The protected Product Environment begins strictly at our application, administration, and authentication perimeters. Therefore, any subdomains functioning under app., adm., or auth.* across any of our high-level domains are expressly exempt from this Website Privacy Policy.
1.3. Enterprise Data Governance Guarantee Logged-in product usage, proprietary enterprise data, and AI-driven interactions within the Product Environment are structurally bifurcated from our public marketing operations. Enterprise data is never conflated with routine website tracking and is never exposed to standard marketing pixels.
Instead, the Product Environment is governed by an entirely separate, highly secure data governance framework. Prior to accessing the Product Environment, epikerdis LLC is committed to explicitly, directly, and honestly submitting these specific agreements—which will include a tailored Product Privacy Policy, a Master Service Agreement (MSA), and a Data Processing Addendum (DPA)—to any interested user or potential customer for comprehensive review, approval, and consent.
This privacy policy only applies when you are browsing our public marketing websites (epikerdis.ai, helmos.ai, and talentwix.ai) to read about what we do, sign up for a newsletter, or request beta/investor access.
If you are logging into our actual software products (like Helm OS or TalentWix), your enterprise data is governed by completely separate, highly secure product agreements. We actively separate our website marketing from our core software products so that your proprietary business data and AI interactions are never tracked by standard website marketing tools.
2. Notice at Collection & Executive Summary
epikerdis LLC values transparency and enterprise-grade data security. Before you interact with our marketing domains (epikerdis.ai, helmos.ai, talentwix.ai), we want you to know exactly what we collect, why we collect it, and how we protect it.
2.1. Information You Provide Directly When you submit forms on our website, we securely collect only the information necessary to evaluate your request.
- For "Build with our Engineers" or "Investor/Exec Briefings": We collect your Full Name, Corporate email, Organization/Fund, and Primary Area of Interest.
- For "Build with our Engineers": We collect your Full Name, Corporate email, GitHub/LinkedIn Profile, and Proposed Primary Digital Partner Use Case.
- For “Join Waitlist”: We collect your Corporate email only.
2.2. Automated Telemetry & "Zero Pre-Consent" Tracking Our website uses a strict "Zero Pre-Consent" architecture, meaning the data we capture depends entirely on your browser configuration and explicit consent:
- Default State (or Global Privacy Control Enabled): If you deny consent or have a Global Privacy Control (GPC) signal enabled, zero third-party telemetry is captured. We only collect standard, transient HTTP access logs (Anonymized IP, Browser User-Agent, Timestamp) via our edge hosting providers strictly for DDoS protection, network security, and fraud prevention.
- Explicit Consent State: Only if you explicitly click "Authorize All" do we load Google Analytics 4 and HubSpot scripts. At that point, we collect analytics data including Anonymized IP address, browser/OS version, geographic location (derived from IP), referrer URLs, and unique tracking cookies to understand visitor traffic.

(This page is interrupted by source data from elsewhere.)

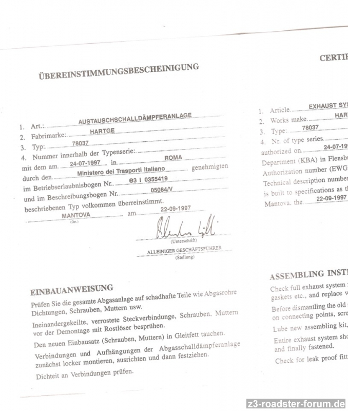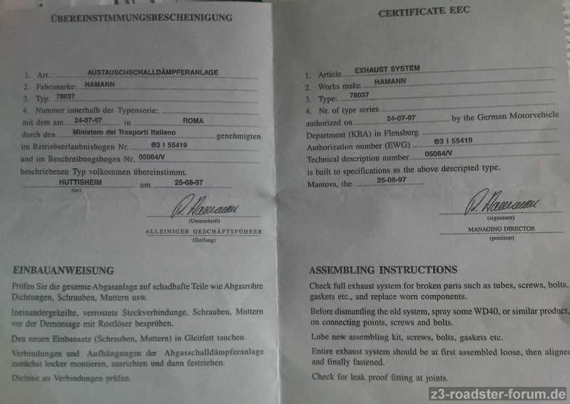ABE gibt's keine, wenn er ne e-Nummer hat! Übereinstimmungserklärung heißt es dann richtig, welche klarstellt dass der Endtopf für dein Fahrzeug zugelassen ist. Klingt nach Wortklauberei, ist aber ein wichtiger Unterschied, ebenso wie ABE und Teilegutachten/Materialgutachten. Das sind spezifische Begriffe mit unterschiedlicher Bedeutung und auch Konsequenz, deswegen ist die Differenzierung wichtig, auch wenn das im Volksmund alles irgendwie "ABE" heißt.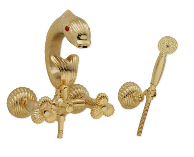 RUBINETTO LAVABO 3 FORI CONCHIGLIA ORO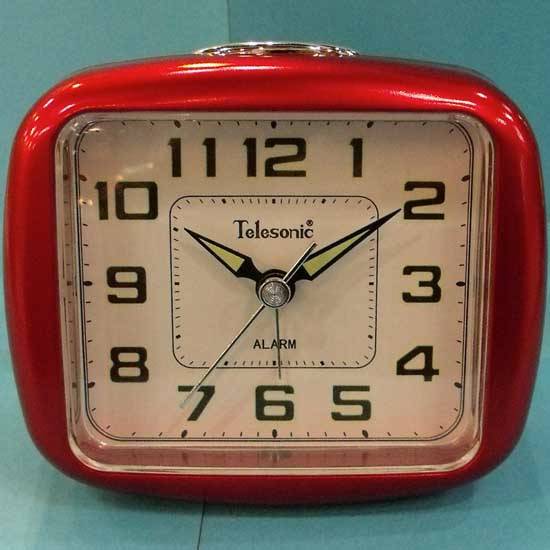 Featured is a compact alarm clock in an eye-catching color. The hour and minute hands come with a luminous coating for night viewing. The glossy finishing simply makes it a lively decoration by your bed.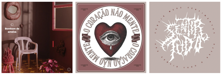 - Cores: vermelho, laranja, rosa, púrpura, violeta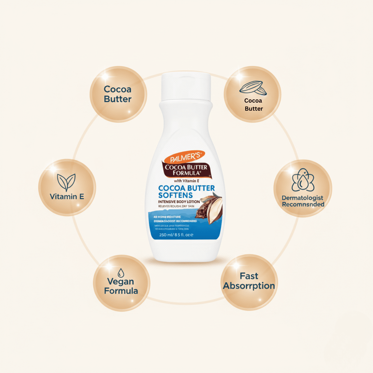 Wenn deine Haut trocken, rau oder beansprucht ist, braucht sie Pflege, die tiefenwirksam hilft. Die Palmer’s Cocoa Butter Formula Softens Intensive Body Lotion wurde entwickelt, um intensiv zu nähren, die Haut sichtbar zu glätten und ihr ein gesundes, gepflegtes Aussehen zu verleihen. Die reichhaltige, aber schnell einziehende Lotion versorgt die Haut lang anhaltend mit Feuchtigkeit und sorgt für sofortige Geschmeidigkeit – Tag für Tag.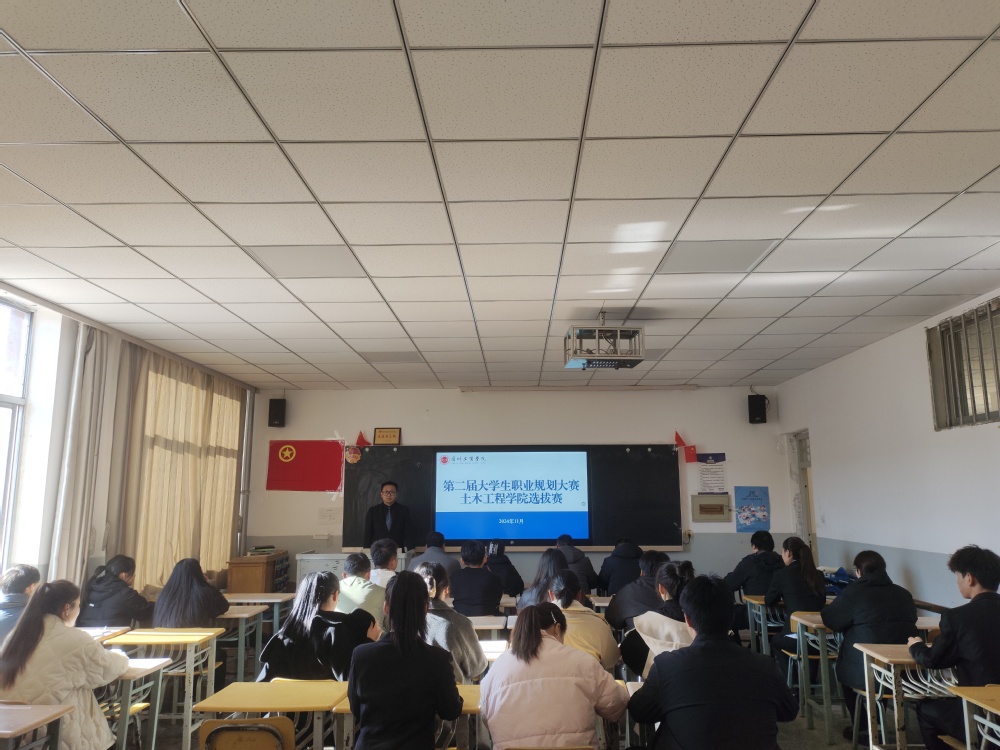 为严格贯彻落实教育部《关于举办第二届大学生职业规划大赛的通知》文件精神,加强大学生生涯教育和就业指导,引导大学生养成良好的职业规划意识,指导其尽早做好就业准备,以择业新观念高质量充分就业,1128日下午,土木工程学院在善问楼三楼举行第二届大学生职业规划大赛院级选拔赛,来自学院不同年级的40余名学生参赛,评委由学院就业指导经验丰富的教师担任。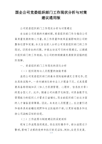 国企公司党委组织部门工作需加强规范性与创新性,提升效能,强化培训,优化结构,增强服务意识。下面网友分享多篇相关内容供您参考学习,希望有您喜欢的。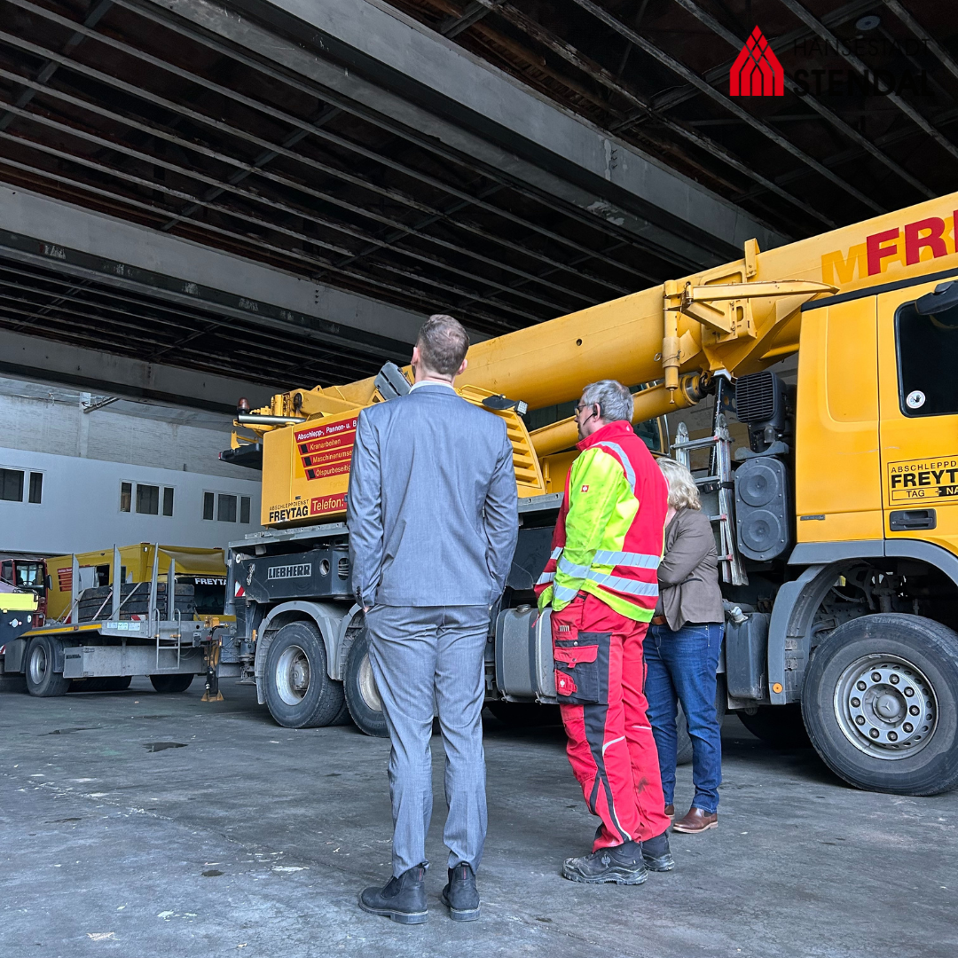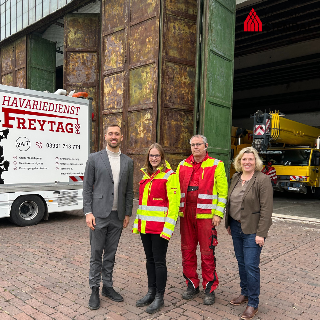 Oberbürgermeister Bastian Sieler besuchte kürzlich mit der Wirtschaftsförderin der Hansestadt Stendal, Sandra Slusarek, den Abschleppdienst Freytag am neuen Firmensitz am Flugplatz Stendal-Borstel. Anlass war das 35. Firmenjubiläum des in der Region fest verwurzelten Unternehmens. Der Oberbürgermeister informierte sich über die aktuelle Geschäftslage, geplante Erweiterungen und die besonderen Herausforderungen in der Branche.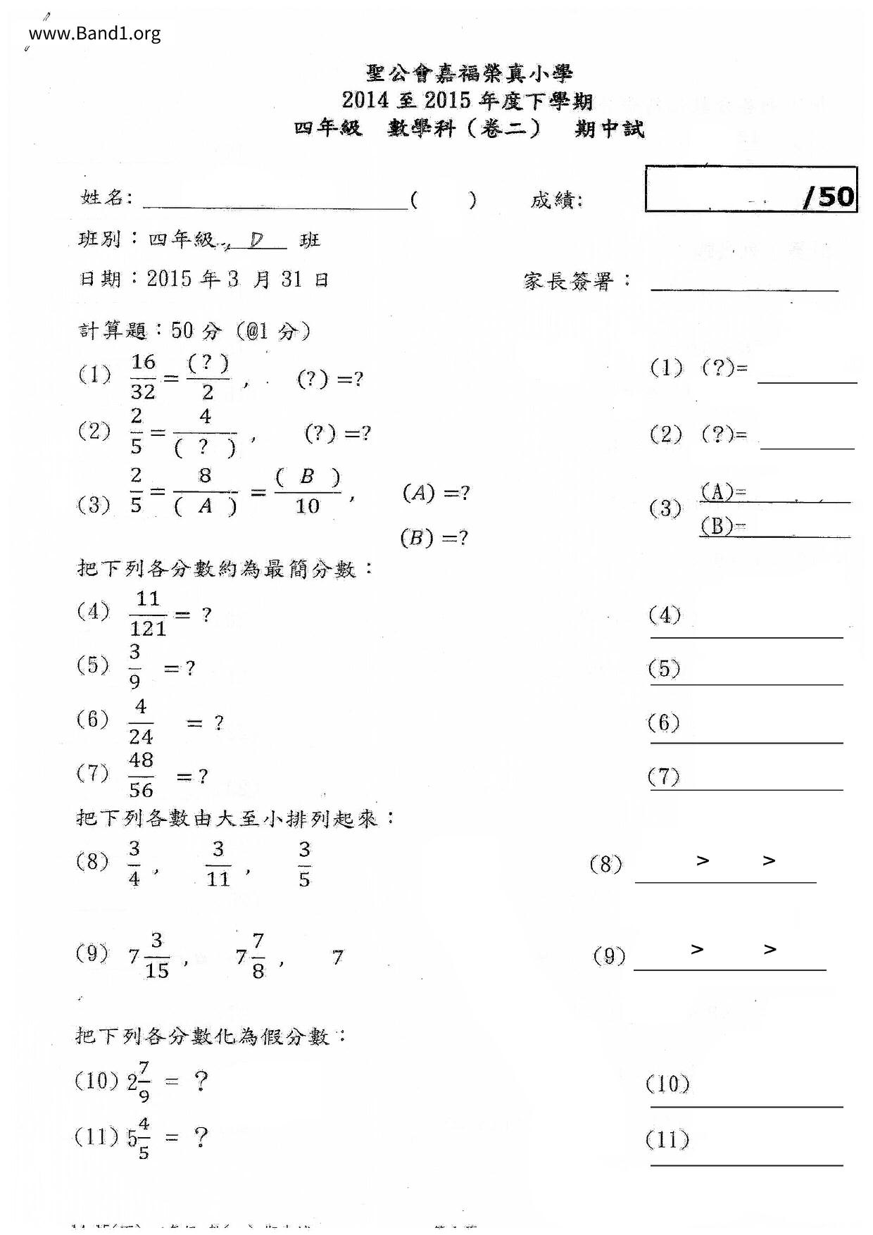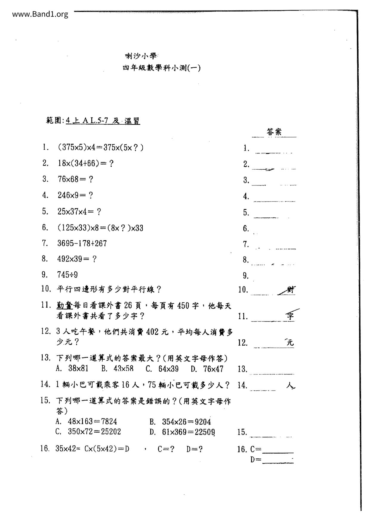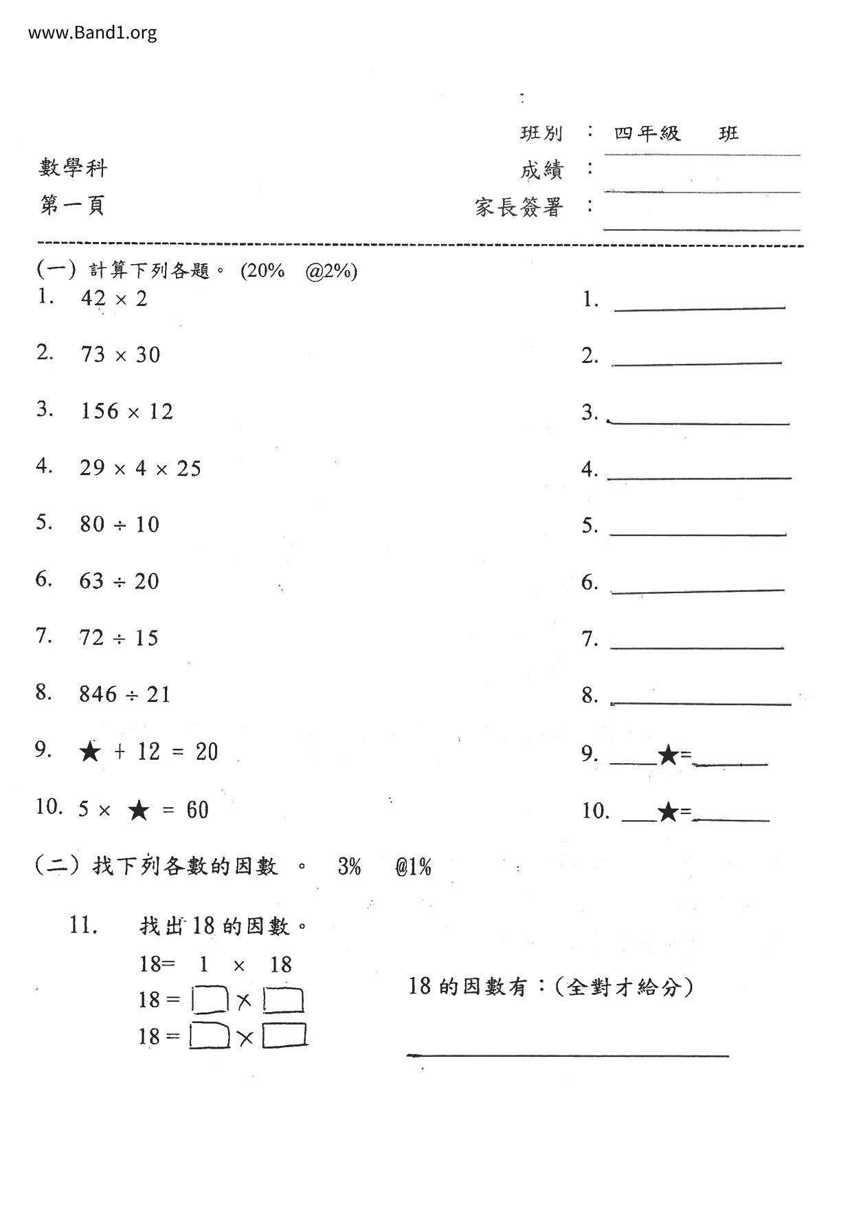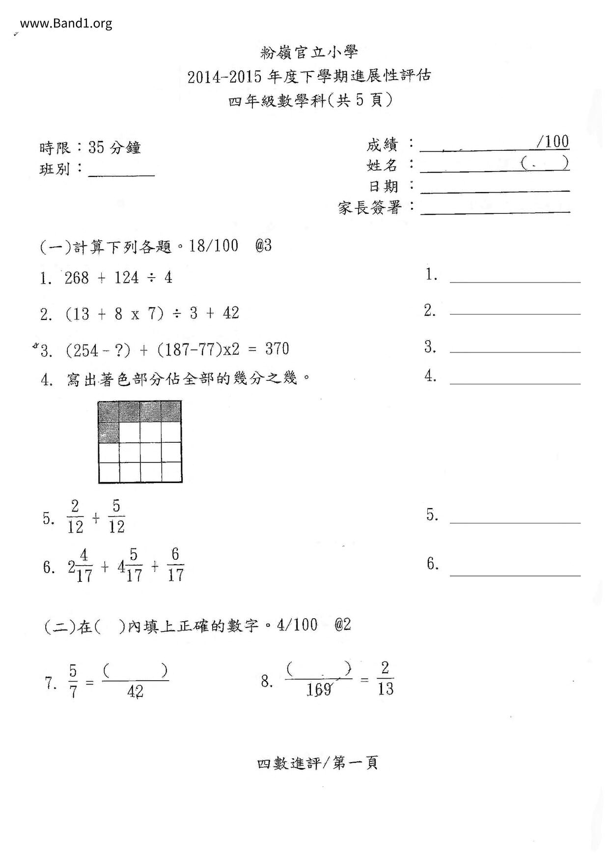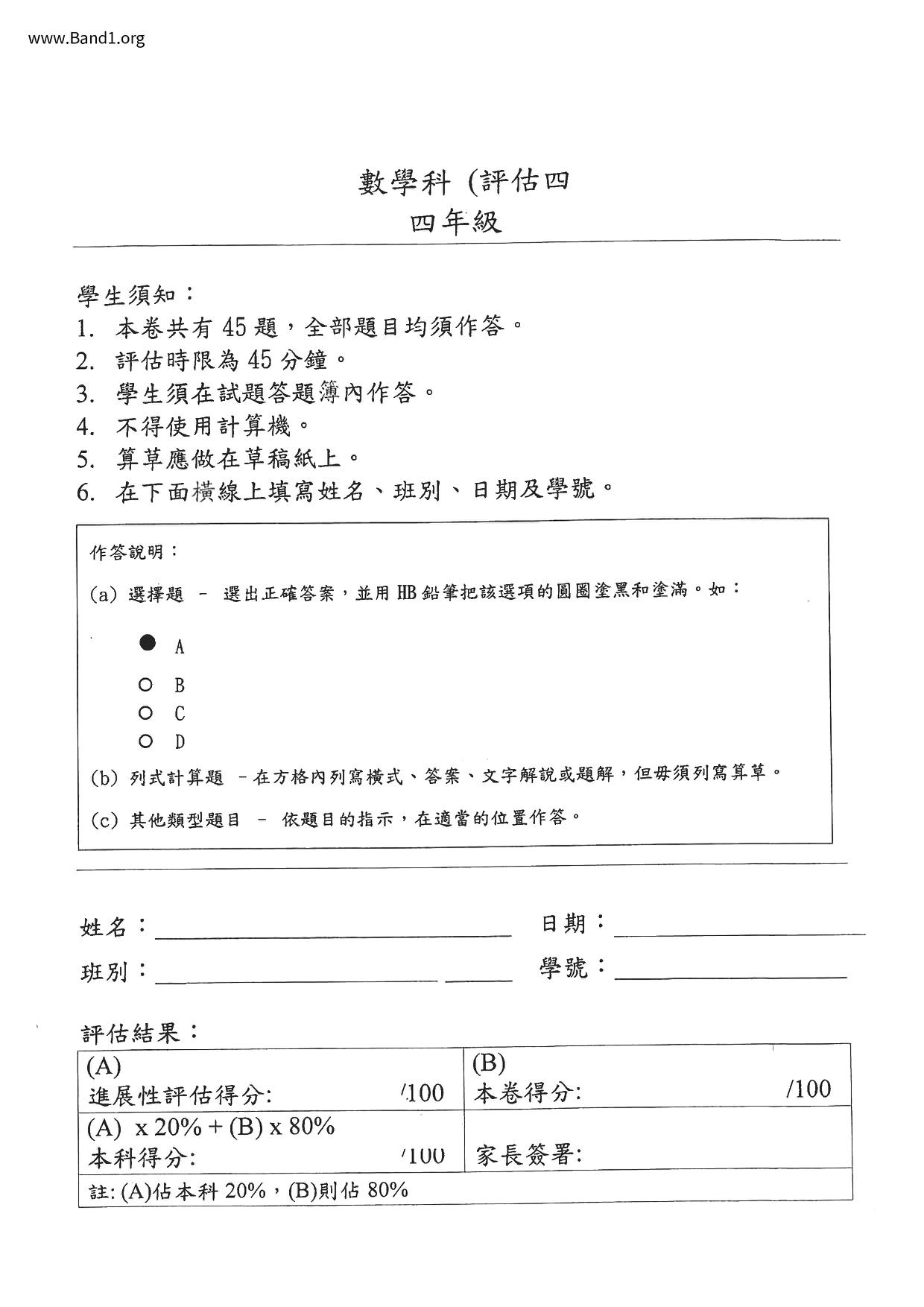 小四 數學 香港九龍塘基督教中華宣道會台山陳元喜小學

2.3. Explicit Business Purpose
- Form Submissions: The data you provide is used strictly to evaluate your beta, investor, or engineering qualifications. We do not automatically enroll these submissions into broader marketing sequences or newsletters.
- Telemetry: Automated data is used strictly for website security, fraud prevention, and aggregated traffic analytics.
2.4. Data Retention Architecture
- Stateless Web Infrastructure: When you submit a form, our edge servers act as a secure, transient proxy. The data is securely transmitted directly to our CRM over HTTPS. The memory allocated for your request is instantly purged; we retain zero lead data on our edge or web servers.
- CRM Retention: Willingly submitted B2B contact information is stored securely in our CRM (HubSpot). We retain this data only as long as necessary to provide the requested services, or until you explicitly request deletion or unsubscribe from our communications.
2.5. No Selling, No Behavioral Advertising We use trusted infrastructure providers, including Google Cloud Platform (hosting), HubSpot (CRM), and Google Analytics 4 (traffic analytics). We do not sell your personal information. Furthermore, we deploy zero third-party marketing or retargeting pixels (such as LinkedIn Insight Tags, Google Ads, or Meta Pixels) on our marketing sites. We do not engage in cross-context behavioral advertising.
Before you explore our public marketing websites, here is what you need to know in plain English:
- You control your data: We use a strict "Zero Pre-Consent" model. If you do not click "Authorize All" or if you have a privacy signal (GPC) turned on in your browser, standard marketing trackers are completely blocked from loading. We will only capture basic, anonymized server logs to keep our website secure from attacks.
- We do not save form data on our servers: When you request engineering or investor access, our website infrastructure operates as a stateless proxy. It passes your form data directly into our secure CRM over an encrypted connection and instantly wipes its own local memory.
No spam, no selling, no advertising tracking: The business info you willingly submit is used strictly to evaluate your request for beta access or a briefing. We will never sell your information, we do not deploy third-party advertising tracking pixels (like LinkedIn or Meta), and we will never automatically drop you into marketing email sequences.
3. Core Marketing Policy Practices
3.1. What Information We Collect and Why (The Value Exchange)
A. Data You Actively Provide When you interact with our marketing domains, you may choose to provide business contact information via secure web forms. This includes:
- Engineering/Investor Forms: Full Name, Corporate Email, Organization/Fund, and Primary Area of Interest.
- Engineering Forms: Full Name, Corporate Email, GitHub/LinkedIn Profile, and Proposed Use Cases.
- Business Purpose: This data is used strictly to evaluate your qualifications for access to the epikerdis product ecosystem, to schedule briefings, and to communicate directly regarding your requests. We do not automatically enroll these submissions into marketing spam sequences.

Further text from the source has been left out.